I'm trying to create a program that lets the user enter numbers(maximum entries>10^6) until a negative is encountered. I've tried a lot of version but they either don't register that a negative value is entered or they crash.
This is where I'm currently at:
#include <stdio.h>
#define HIGHEST 999999
int main(){
int i=0, entry, sum=0;
while(i<HIGHEST){
scanf("%i", entry);
if(entry>0){
sum+=entry;
}
else{
i=HIGHEST;
}
i++;
}
printf("Sum: %i", sum);
system("pause");
}
Your problem is on this line:
scanf("%i", entry);
Which should be:
scanf("%i", &entry);
You need to pass in the address of the integer variable that will store the scanned value. Since
entry was never initialized, it is just filled with garbage/whatever is in memory and not the entered value.

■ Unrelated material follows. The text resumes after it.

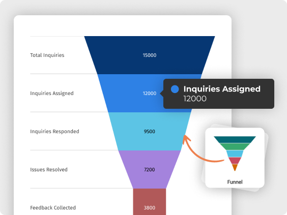 Easily create funnel charts to show how data moves through each stage of a process or project.
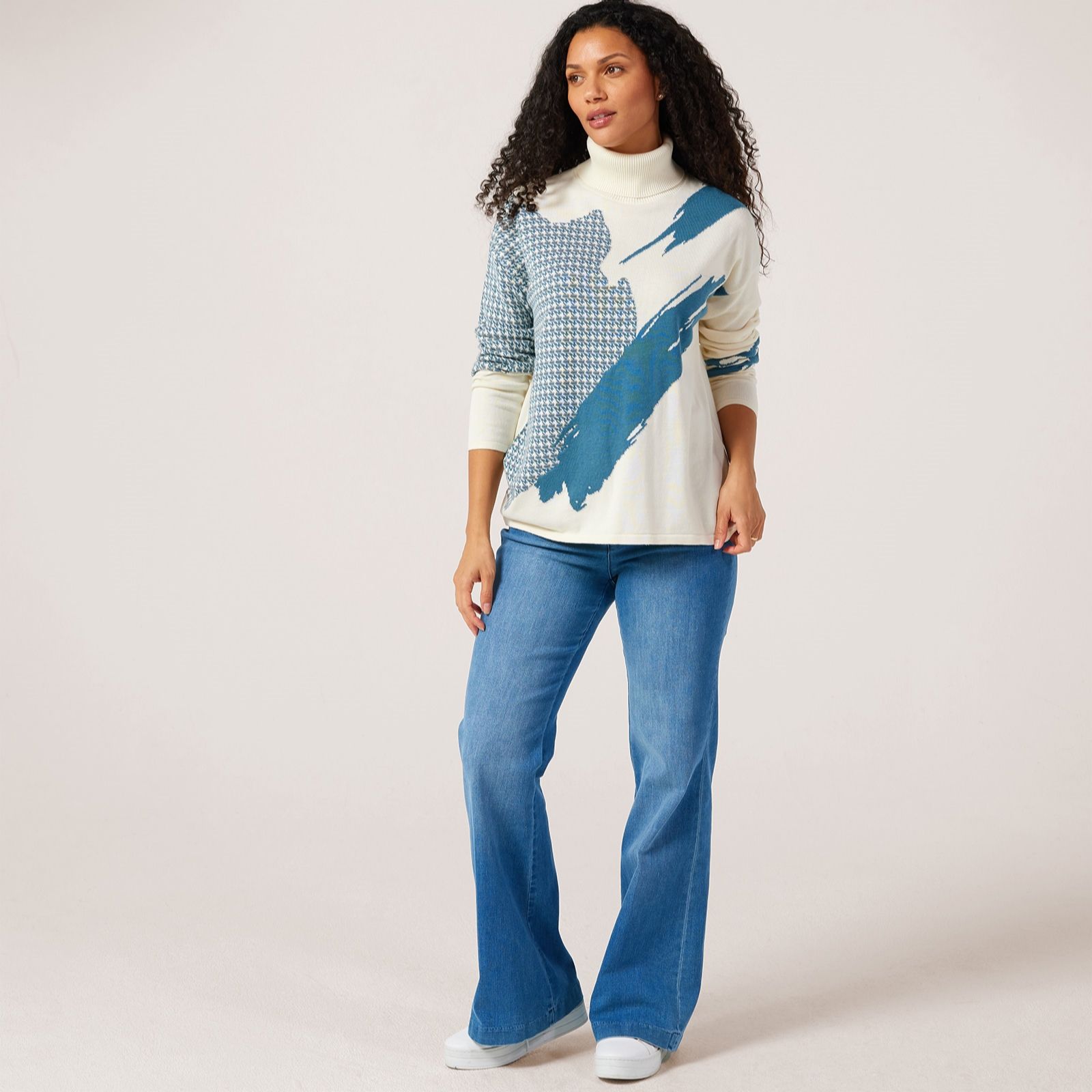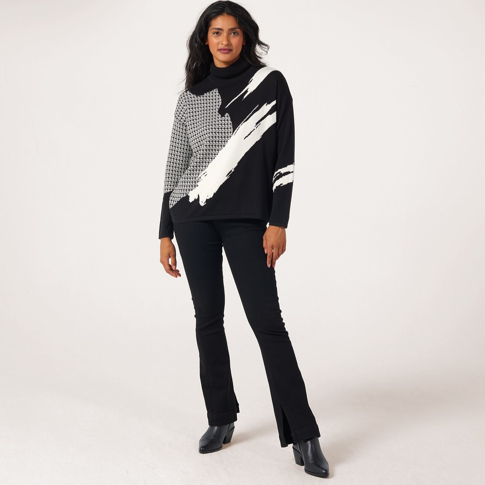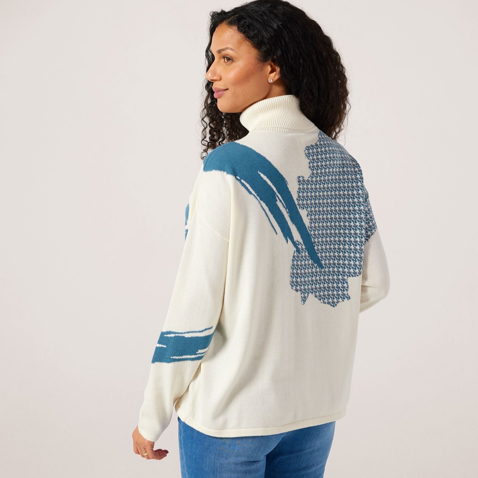 Bring a touch of artistry to your everyday wardrobe with this intarsia turtleneck jumper from MarlaWynne, showcasing a striking print and a comfortably loose fit. Perfect for adding flair to both laid-back and elevated ensembles, this jumper is an easy choice for workdays, weekend outings or relaxed evenings at home. For a modern finish, pair it with tailored trousers and statement earrings.

See this reference, which states,
"Depending on the format string, the function may expect a sequence of additional arguments,
each containing a pointer to allocated storage where the interpretation of the extracted
characters is stored with the appropriate type"
You provide a way to leave if the entered number is too big:
while(i<HIGHEST){
But nothing to leave if it is less than 0; Try this:
while((i<HIGHEST)&&(i>=0)){
Additionally, #OldProgrammer is correct, your scanf() should be as he has pointed out.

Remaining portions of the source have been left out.